Illicit Trade and Financial Flows
The financial flows generated by illicit trade appear to be growing. A working paper published by the International Monetary Fund in 2018 presented data on 158 countries showing that the average size of their shadow economy relative to GDP between 1991 and 2015 was 31.9% (the largest was Bolivia, at 62.3%, and the smallest was Switzerland, at 7.2%). The revenues generated by transnational crime are estimated to be worth as much as $2.2 trillion annually, according to a report published in 2017 by the think tank Global Financial Integrity. The global shadow economy is believed to be worth more than the GDP of most countries.
Illicit trade can involve legal goods that have nonetheless violated regulations during transit - based on how they were sourced or produced, or through theft, diversion, or misrepresentation.
According to the report, counterfeiting brings in as much as $1.1 trillion annually, drug trafficking earns as much as $652 billion, and organ trafficking earns as much as $1.7 billion.
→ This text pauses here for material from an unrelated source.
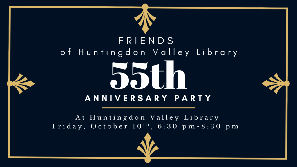 Friends of Huntingdon Valley Library 55th Anniversary Party, Fri., Oct. 10, 6:30 pm

Frontier Economics, a research firm, has estimated that the value of digitally-pirated films may reach $622 billion in 2022, up from $160 billion in 2013, while the value of digitally-pirated music may grow to $117 billion from $29 billion over the same period.
The negative effects of illicit trade are far-reaching and dramatic. An estimated one in 10 medical products circulating in low- and middle-income countries is either sub-standard or falsified, according to a report published in 2017 by the World Health Organization. As many as 169,000 children may be dying every year from pneumonia due to sub-standard and falsified antibiotics, according to the report, while in sub-Saharan Africa, sub-standard and falsified antimalarials are responsible for as many as 158,000 deaths and $38.5 million in unnecessary health care costs annually.
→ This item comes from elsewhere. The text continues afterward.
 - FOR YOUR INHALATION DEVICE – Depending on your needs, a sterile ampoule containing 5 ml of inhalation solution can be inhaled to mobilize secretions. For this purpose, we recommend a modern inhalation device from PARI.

Companies, governments, and non-governmental organizations are all demonstrating an increased awareness of this problem and are cooperating to address it - though successful partnership models have yet to emerge. Through the World Trade Organization's Bali Package, passed in 2013, governments have affirmed their commitments to a secure trade facilitation agenda, and both the G20 and the B20 (a summit of business leaders from G20 countries) have highlighted a need to address illicit trade issues.